3. Elegir el tipo de tetina más adecuado
La tetina es el elemento más importante. Conforme el bebé crezca, hay que ir adaptando el tamaño y el tipo de tetina:

  • Tetinas anatómicas: Son las que mejor simulan el pezón materno, por lo que resultan la opción más adecuada para los más pequeños.
  • Tetinas fisiológicas: Son más planas y simétricas. Su objetivo ya no es simular el pezón, sino evitar presionar el paladar en exceso. Son más adecuadas para niños más mayores, de entre 6 y 18 meses.
  • Tetinas redondas: Son las más conocidas.

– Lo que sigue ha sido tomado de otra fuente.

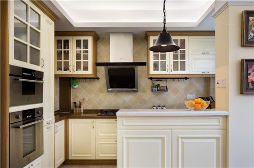 1、通常来说,这类样式的装扮时敞开的,并且还设有一个便餐台,具备功用强盛又简便耐用的厨具设备,比方说水槽下的残渣粉碎机,烤箱等,另外若是需要容纳双开门冰箱,一定要预留足够的位置及操作台面,当然在装饰上也很有讲究,比方说仿古面的墙砖、实木门扇等等。
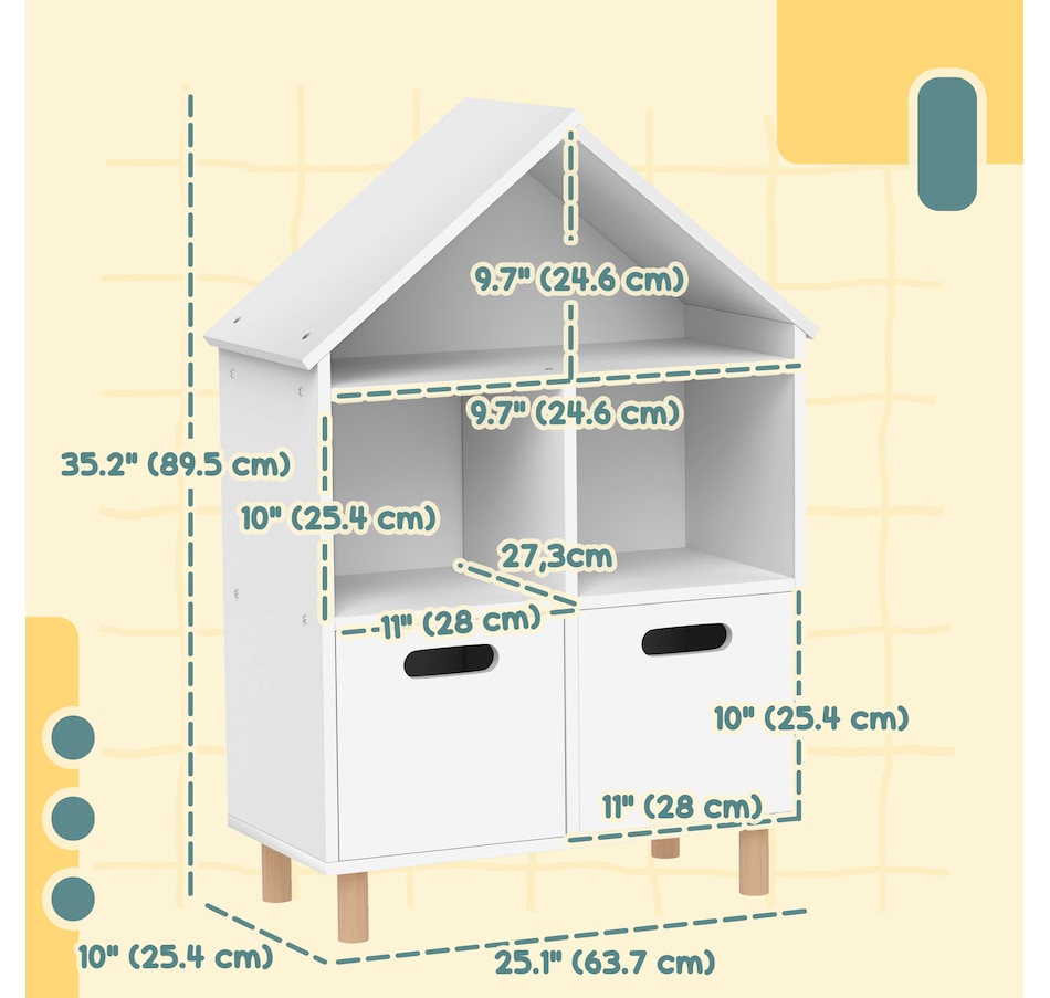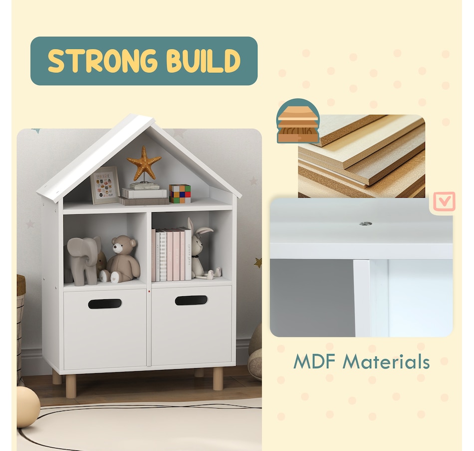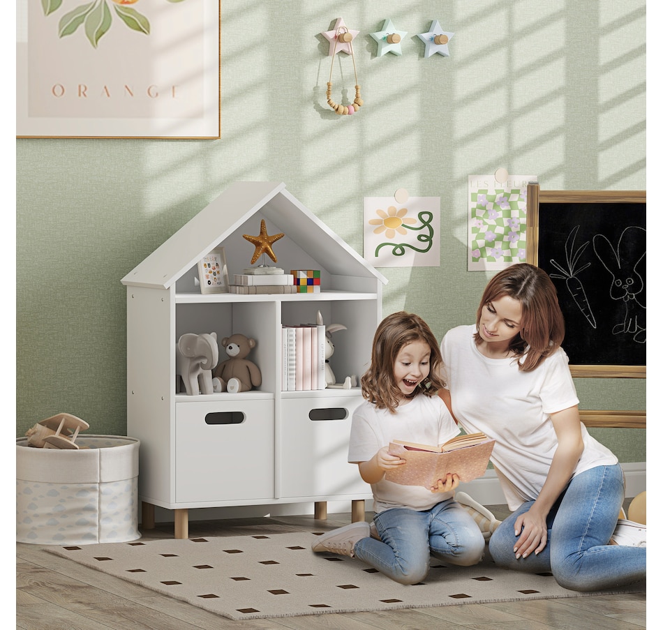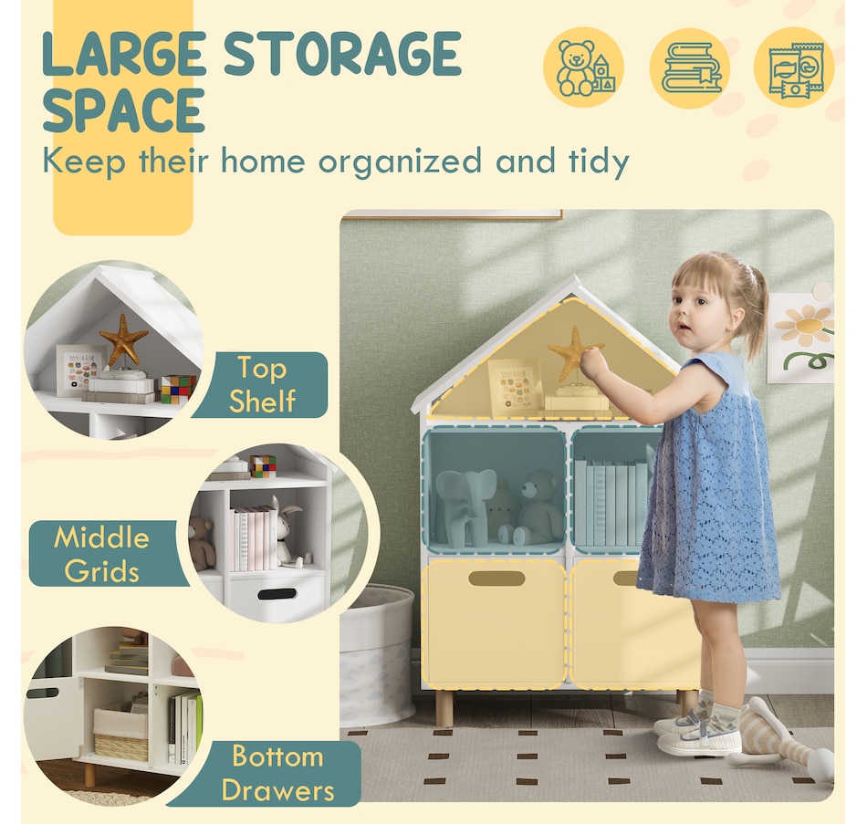 Discover the charm of Qaba's 3-tier book shelf for children, where lots of storage meets delightful design. Crafted from robust MDF and featuring a house-shaped silhouette that complements any room's decor, this kids storage is not just a bookcase but a little home for your child's adventures in reading. This baby book shelf is suitable for bedrooms, playrooms and living areas.Features:
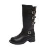Bottes mi-mollet à bout rond automne et hiver nouvelles à talons épais style britannique tempérament polyvalent bottes de mode pour femmes
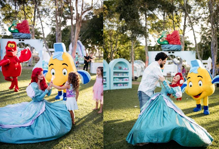 Zion e Angelina, de 1. A festa levou 30 dias para ficar pronta e, a pedidos da aniversariante, Biah surpreendeu ao aparecer vestida de Ariel, deixando sua filha ainda mais encantada.
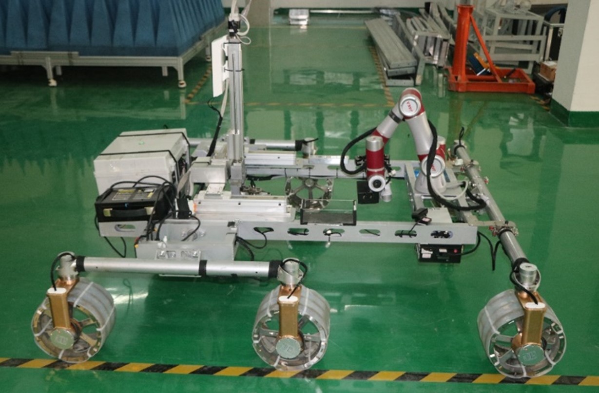 針對FAST表面復雜的維護環境,項目組突破了大坡度特殊表面全向移動、復雜環境下三維測量、非結構化環境下異形螺栓自主旋擰等技術難題,完成了靶標維護機器人的研制。機器人系統整體上由靶標維護執行系統、全向運動平臺和導航系統組成,能夠進行反射面全向行走、靶標位姿的精確三維測量、舊靶標拆卸抓取、新靶標裝配擰緊等操作,可自主完成靶標的更換和清洗任務,開展全自動的靶標維護工作。
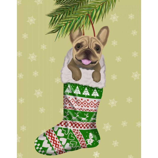 French Bulldog in Christmas Stocking White Modern Wood Framed Art Print by Fab Funky
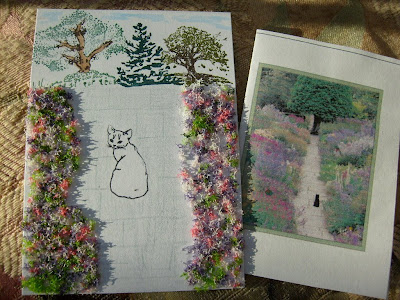 Welcome to Cat Art Sunday! We are having quite a party this weekend. The postcards above came all the way from Germany to help wish mommy a Happy Birthday. Luna and Bonnie's mommy sent them...This has been a very busy cat art week to say the least... This ATC was made by mommy for The Twelve days Of Christmas swap. She calls it "Four cozy kitties waiting for four birds to come a calling"
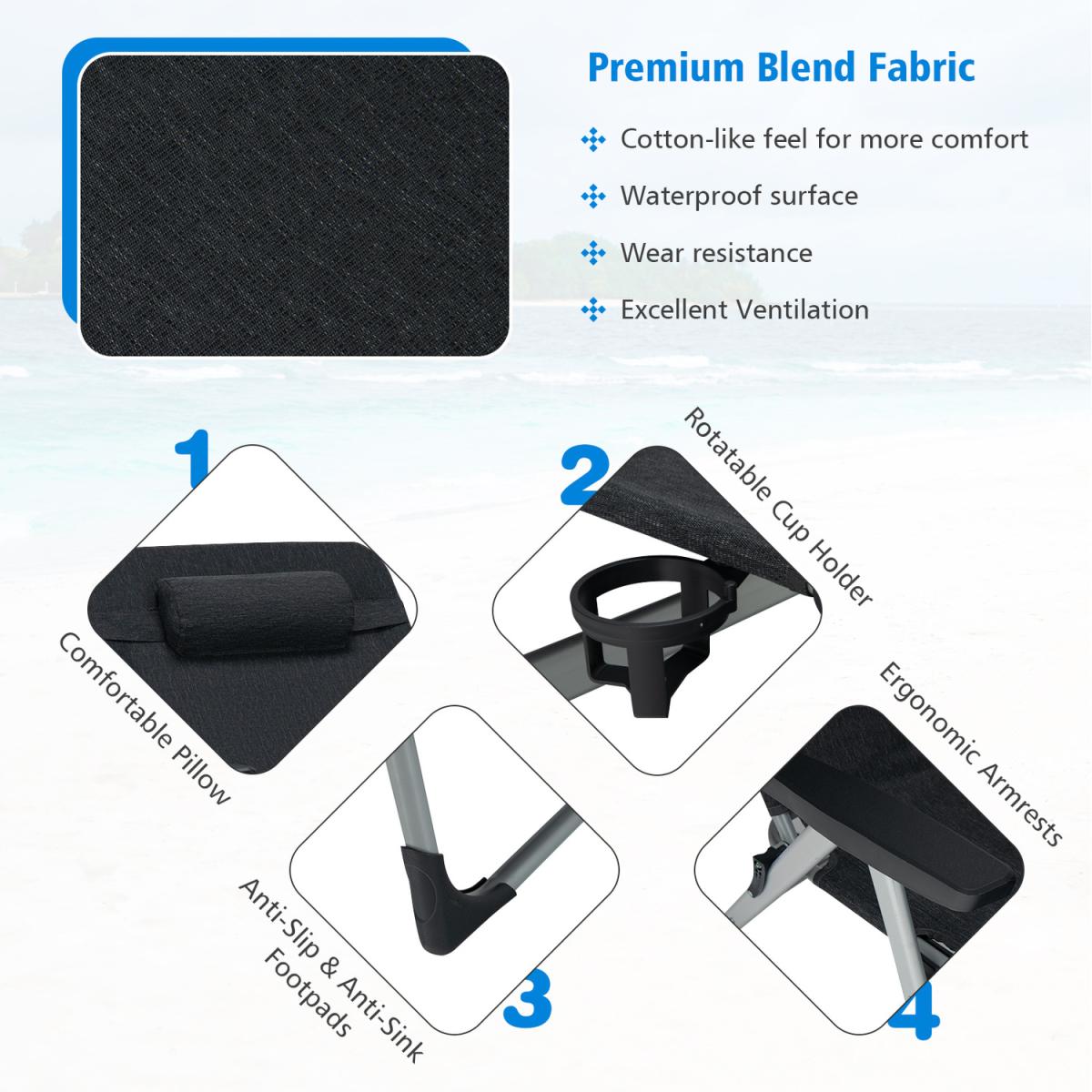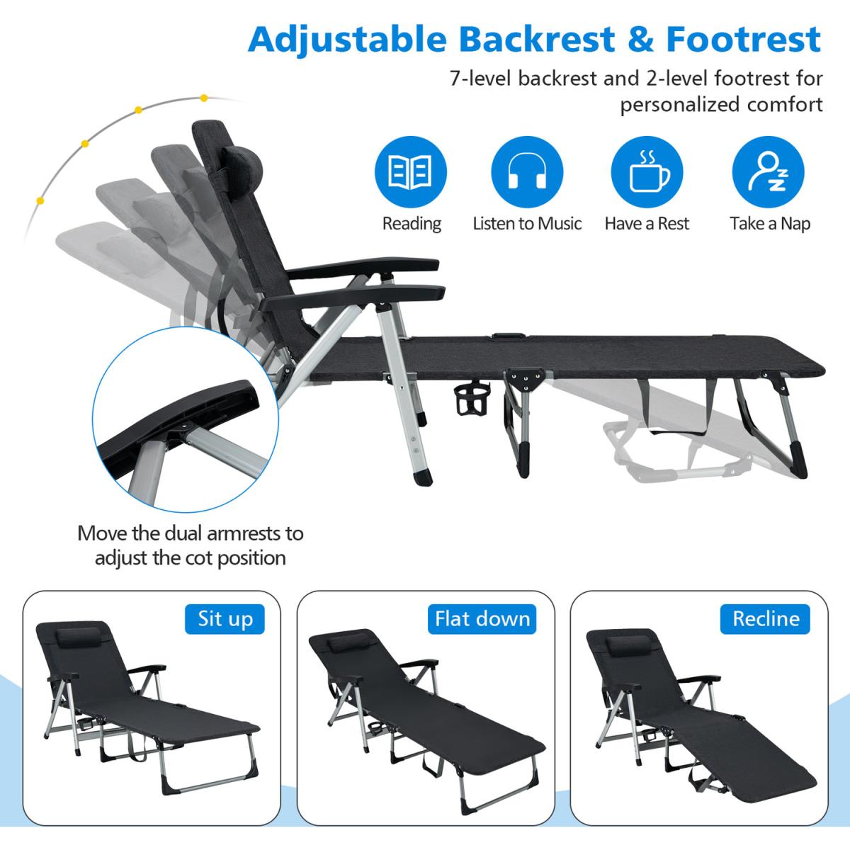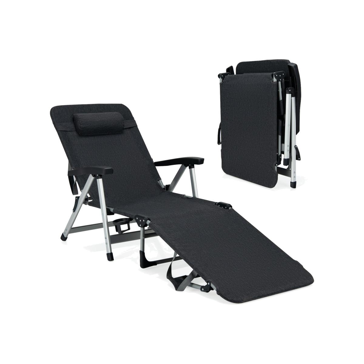 Must have foldable lounge chair for outdoor recreation!Our chaise lounge is suitable for both indoor and outdoor use. With its convenient foldable design, you can carry it with side straps for easy transportation and stored it in limited spaces. And you can adjust the backrest into 7 positions by simply moving the armrests back and forth until you find the ideal angle of backrest. Moreover, you can relax your head and neck on the thick padded sponge headrest. The surface of the sleeping recliner is made of high density fabric, which is featured by its excellent waterproof and breathable ability. Besides, our lounger with flat aluminum frame has stronger loading capacity up to 150kg.

Son totalmente esféricas, por lo que tienen la misma forma desde todos los ángulos. Siempre están bien colocadas, así que son cómodas para cuando el niño está durmiendo, por ejemplo, ya que da igual que le dé la vuelta sin querer.

4. Elegir el material
Deben estar hechos de látex o de silicona. Aunque las dos opciones son igual de válidas, tienen características distintas que hacen que sean adecuados para diferentes edades:

  • Silicona: es un material muy resistente y rígido. Aguanta bien las altas temperaturas y no absorbe olores ni sabores. Es menos flexible que el látex, por lo que se puede estropear si se corta. Por lo tanto, está más aconsejado para bebés que aún no tienen dientes.
  • Látex: es más blando y elástico que la silicona. También es muy resistente, pero sí que retiene olores. Al ser más flexible, es mejor opción para cuando han salido los primeros dientes.

En cualquier caso, los expertos de DosFarma recomiendan que estén fabricados en una sola pieza, los chupetes con varias piezas pueden romperse y suponer un peligro para los niños, que podrían tragarse una de ellas.

5. Reservarlo solo para momentos puntuales
Hay que intentar que el niño no dependa de él y que lo use lo menos posible.

6. Tener varios de repuesto
Evitaremos que el niño llore o se enfade por haber perdido su chupete. Además, así será más difícil que se encariñe con uno en concreto, lo que facilitará quitárselo cuando llegue el momento.

7. Evitar colgárselo del cuello
Es peligroso usar una cuerda o cordón para colgar el chupete al cuello del bebé, ya que puede haber riesgo de asfixia. Si el que compremos trae un collar, hay que quitárselo. Una opción más adecuada es la pinza, aunque siempre hay que vigilar que no se desprenda de la ropa del pequeño y pueda tragársela.

8. No cubrirlo de sustancias dulces
Aunque en el pasado muchas madres han endulzado el chupete con azúcar, miel o leche condensada, esto no significa que esté bien hecho, ya que aumenta mucho el riesgo de sufrir futuras caries, además de no favorecer al desarrollo del sentido del gusto.

9. Mantenerlo siempre limpio
Siempre debemos asegurarnos de que el chupete esté limpio antes de dárselo al bebé. Lo mejor es hervirlo o lavarlo en el lavaplatos si el niño es menor de seis meses, ya que su sistema inmunitario está todavía en formación. A partir de los siete meses se puede lavar bien con agua y jabón.

10. Cambiarlo regularmente
No solo porque se puede romper y estropear, sino porque hay que ir adaptándolo a las necesidades del bebé. Normalmente, lo ideal es cambiarlo cada mes y medio o dos meses.